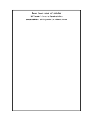 There are many theories about learning styles and intelligences. Howard Gardner's Theory of Multiple Intelligences suggests that people have different types of intelligences such as musical, bodily, nature, logical, linguistic, interpersonal, intrapersonal, and visual intelligences. Teachers can use knowledge of students' intelligences to plan lessons incorporating engaging activities like listening, roleplaying, experiments, analysis, reading, group work, independent work, and visual activities.
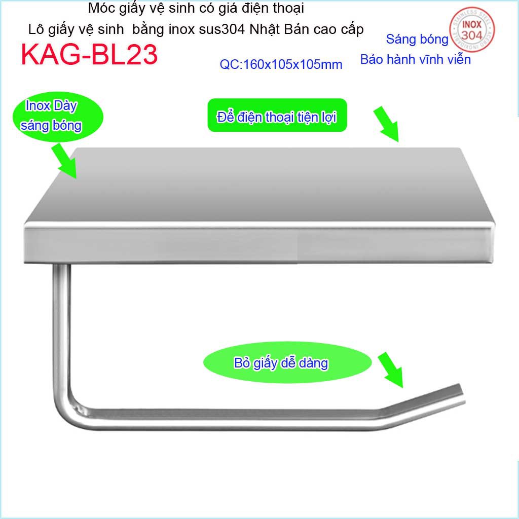 Móc giấy vệ sinh có giá đỡ điện thoại KAG-BL23, kệ để giấy SUS304 Nhật Bản dễ sử dụng thiết kế sang trọng tiện lợi
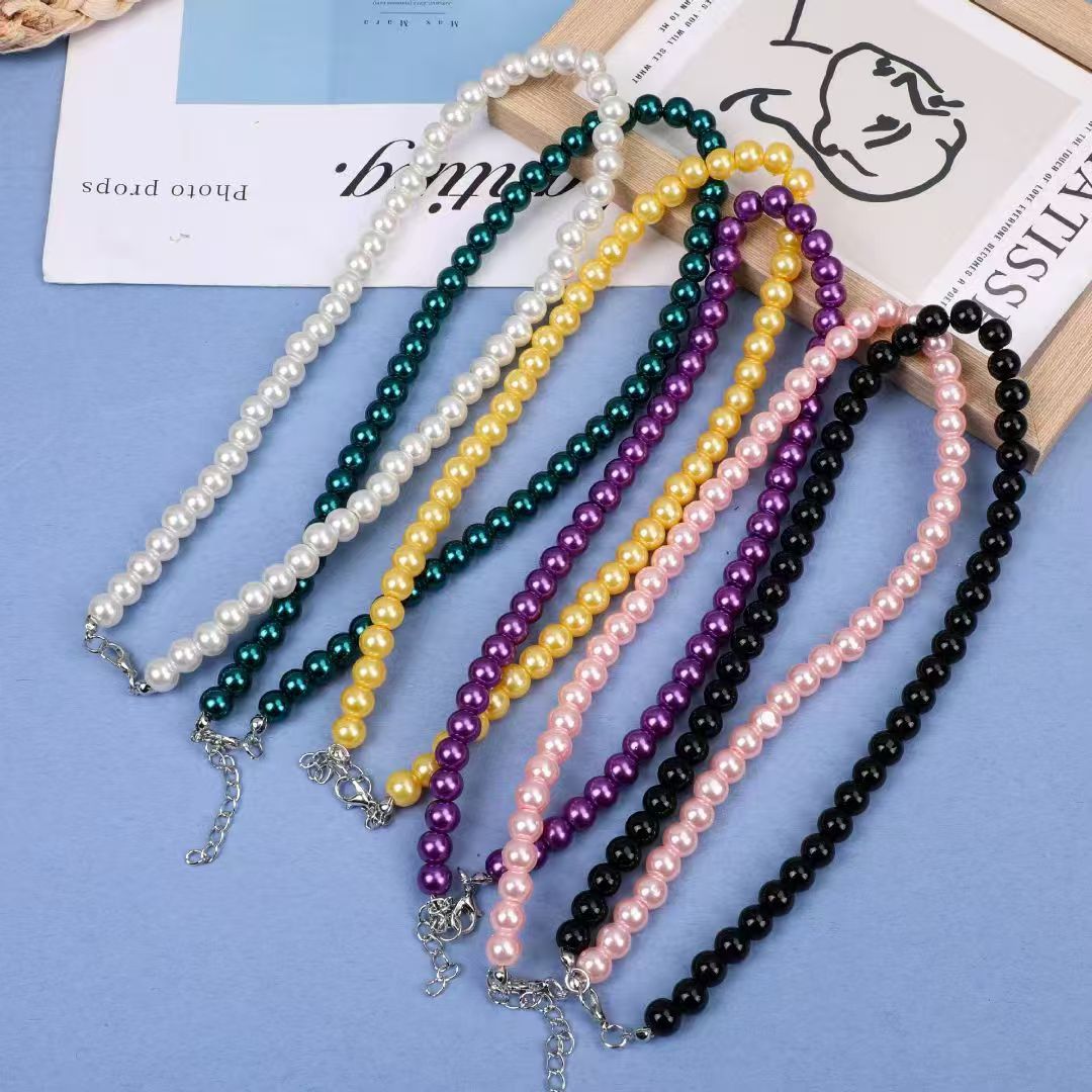 European and American color imitation crystal necklace women's temperament metal chain clavicle chain simple long tassel necklace wholesale
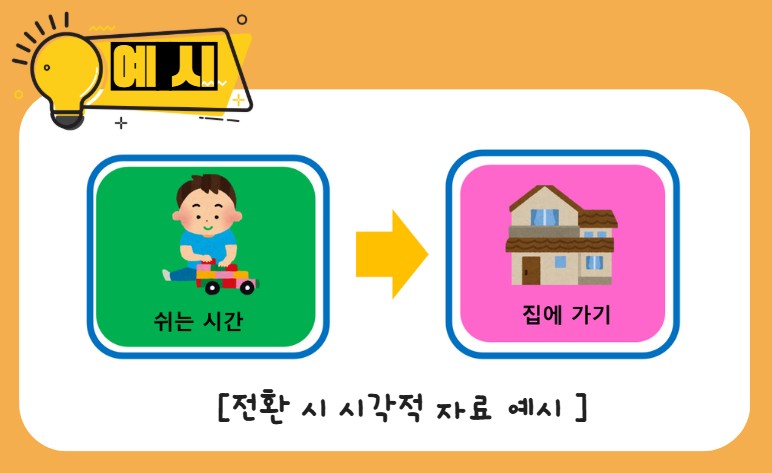 또한 우리 아이들은 전환 시 수행해야 하는 연속적인 세부 절차를 구체적으로 어떻게 해야 하는지 몰라서 어려움을 겪을 수 있습니다. 이럴 경우 전환 시에 필요한 절차를 시각적으로 안내해 주면 도움이 됩니다. 글씨를 잘 읽는 친구라 하더라도 그림을 함께 제시해 주면 훨씬 잘 이해하고 따를 수 있습니다. 전환 시 필요한 절차를 4~5단계 정도 제시하고 각 단계를 잘 수행할 때마다 작은 강화를 제시해 주면 도움이 됩니다.
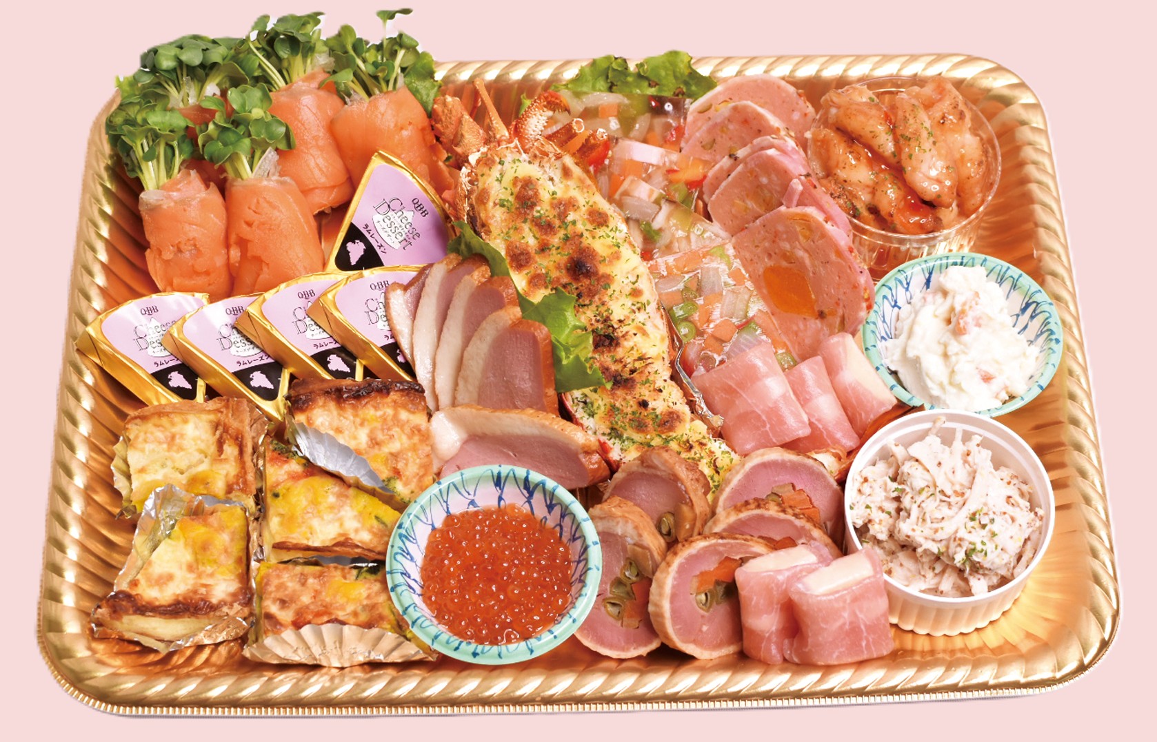 ロブスターテルミドールグラタン/スモークサーモンのカイワレ巻き/オードブルチーズ/アプリコットベーコン巻き/ハムと野菜のゼリーよせ/
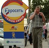 Молодой человек говорит по мобильному телефону на улице на фоне рекламы Салона связи "Евросеть".
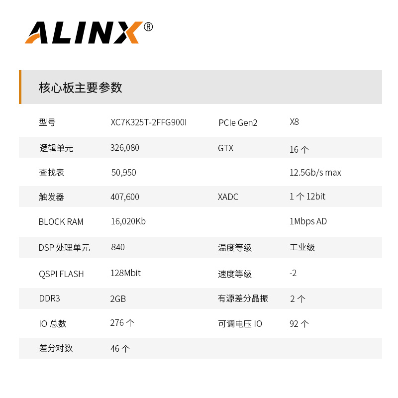 FPGA core board ALINX black gold XILINX Kintex7 4K PCIE Video fiber optic communication K7 industry
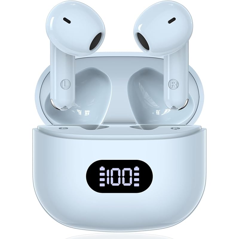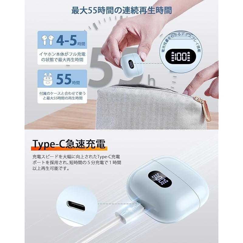 [Ultra-long 55H standby, neat LED display, small size and easy to carry] 🔋This Bluetooth earphone has a large capacity of 400mAh and is designed to save energy, allowing you to play music for 8 hours on a single full charge and make 6 calls.I can take the time.The small and easy-to-carry charging case weighs only 50g, so you won't have to worry about running out of power even if you use the earphones for a long time.💡We also designed an LED display that is easy to understand at a glance, so you can check the charging status of the left and right earphones, and the remaining charge in the charging case is clearly displayed in numbers from 1% to 100%.Furthermore, since some people may not like the high brightness of LED displays, we have changed to a dimly-bright LED display, so you can check the remaining charge in the charging case without disturbing your eyes even in the dark.
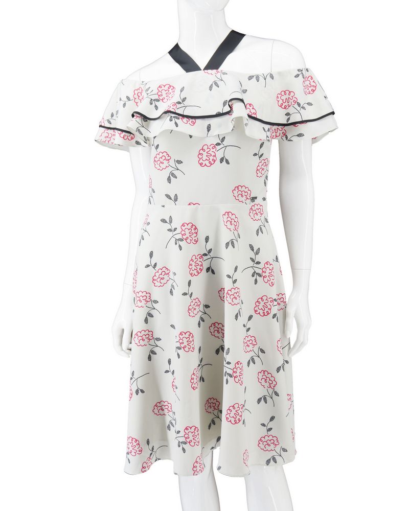 Szyfonowa sukienka z falbanką, ze wzorem w kwiaty, na podszewce, rozszerzana od pasa, zapinana z tyłu na suwak
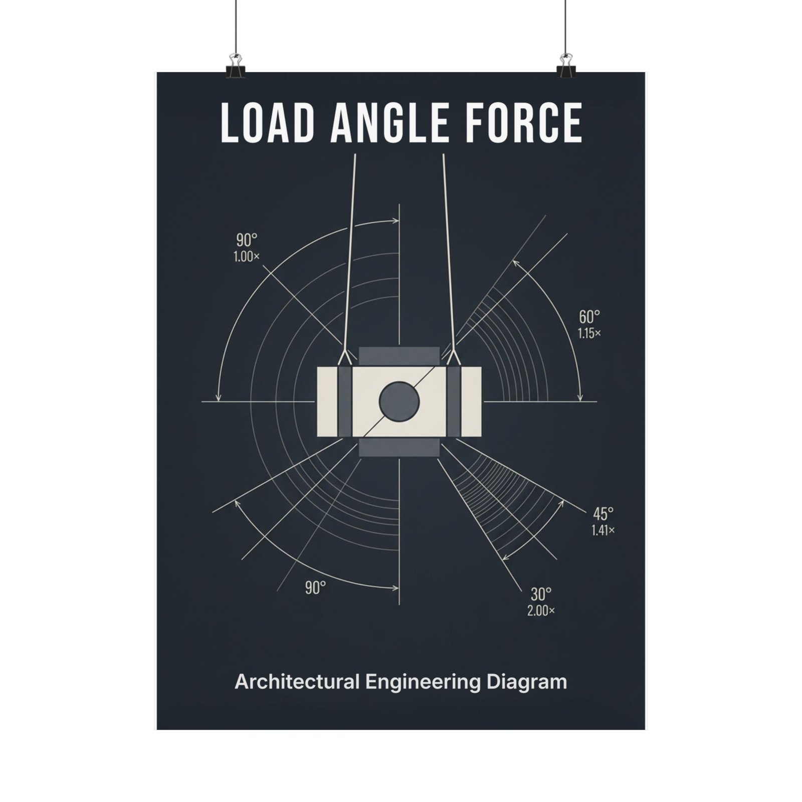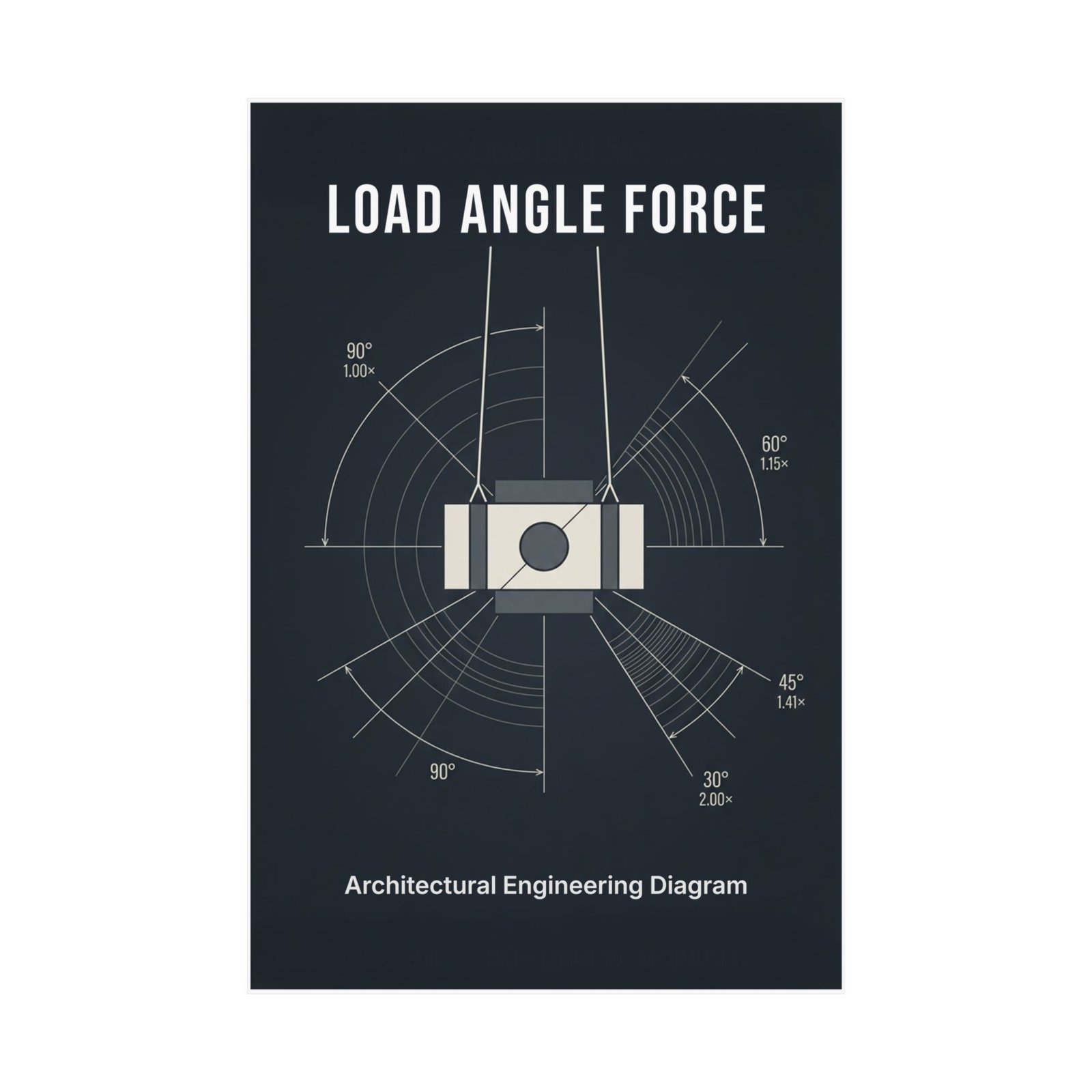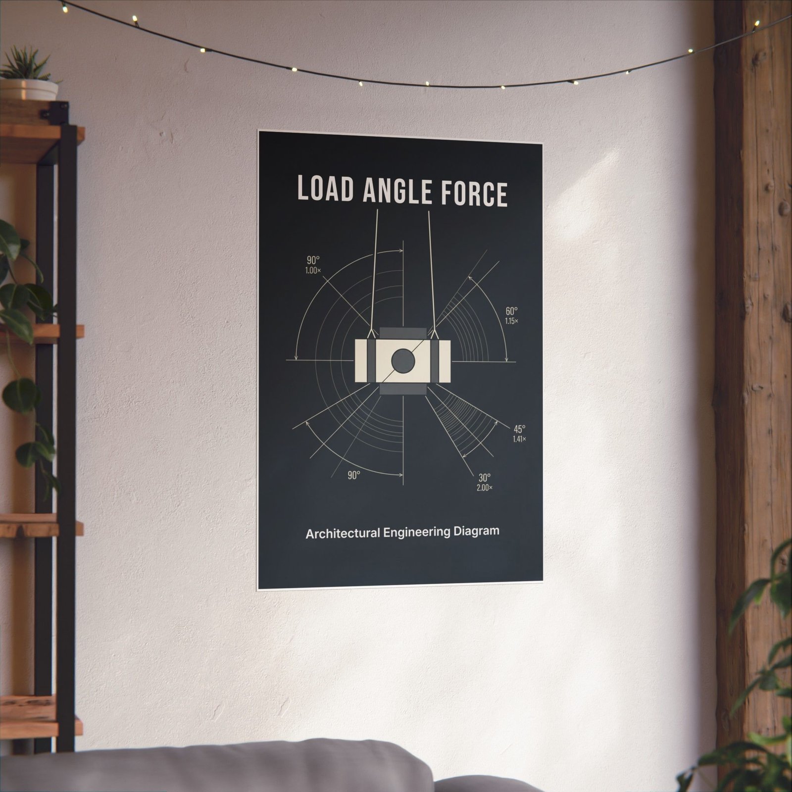 This Load Angle Force Poster is a focused, design-driven reference built for people who think in angles, vectors, and margins of safety. Clean architectural linework sits against a deep, museum-grade background, allowing diagrams, radial guides, and labeled angles to read instantly — even under bright workshop or training-room lighting.

────────────────

What the task requires: Each entry should be set down exactly, pictures excluded.

Your response:
 There are many theories about learning styles and intelligences. Howard Gardner's Theory of Multiple Intelligences suggests that people have different types of intelligences such as musical, bodily, nature, logical, linguistic, interpersonal, intrapersonal, and visual intelligences. Teachers can use knowledge of students' intelligences to plan lessons incorporating engaging activities like listening, roleplaying, experiments, analysis, reading, group work, independent work, and visual activities.
 Móc giấy vệ sinh có giá đỡ điện thoại KAG-BL23, kệ để giấy SUS304 Nhật Bản dễ sử dụng thiết kế sang trọng tiện lợi
 European and American color imitation crystal necklace women's temperament metal chain clavicle chain simple long tassel necklace wholesale
 또한 우리 아이들은 전환 시 수행해야 하는 연속적인 세부 절차를 구체적으로 어떻게 해야 하는지 몰라서 어려움을 겪을 수 있습니다. 이럴 경우 전환 시에 필요한 절차를 시각적으로 안내해 주면 도움이 됩니다. 글씨를 잘 읽는 친구라 하더라도 그림을 함께 제시해 주면 훨씬 잘 이해하고 따를 수 있습니다. 전환 시 필요한 절차를 4~5단계 정도 제시하고 각 단계를 잘 수행할 때마다 작은 강화를 제시해 주면 도움이 됩니다.
 ロブスターテルミドールグラタン/スモークサーモンのカイワレ巻き/オードブルチーズ/アプリコットベーコン巻き/ハムと野菜のゼリーよせ/
 Молодой человек говорит по мобильному телефону на улице на фоне рекламы Салона связи "Евросеть".
 FPGA core board ALINX black gold XILINX Kintex7 4K PCIE Video fiber optic communication K7 industry
 [Ultra-long 55H standby, neat LED display, small size and easy to carry] 🔋This Bluetooth earphone has a large capacity of 400mAh and is designed to save energy, allowing you to play music for 8 hours on a single full charge and make 6 calls.I can take the time.The small and easy-to-carry charging case weighs only 50g, so you won't have to worry about running out of power even if you use the earphones for a long time.💡We also designed an LED display that is easy to understand at a glance, so you can check the charging status of the left and right earphones, and the remaining charge in the charging case is clearly displayed in numbers from 1% to 100%.Furthermore, since some people may not like the high brightness of LED displays, we have changed to a dimly-bright LED display, so you can check the remaining charge in the charging case without disturbing your eyes even in the dark.
 Szyfonowa sukienka z falbanką, ze wzorem w kwiaty, na podszewce, rozszerzana od pasa, zapinana z tyłu na suwak
 This Load Angle Force Poster is a focused, design-driven reference built for people who think in angles, vectors, and margins of safety. Clean architectural linework sits against a deep, museum-grade background, allowing diagrams, radial guides, and labeled angles to read instantly — even under bright workshop or training-room lighting.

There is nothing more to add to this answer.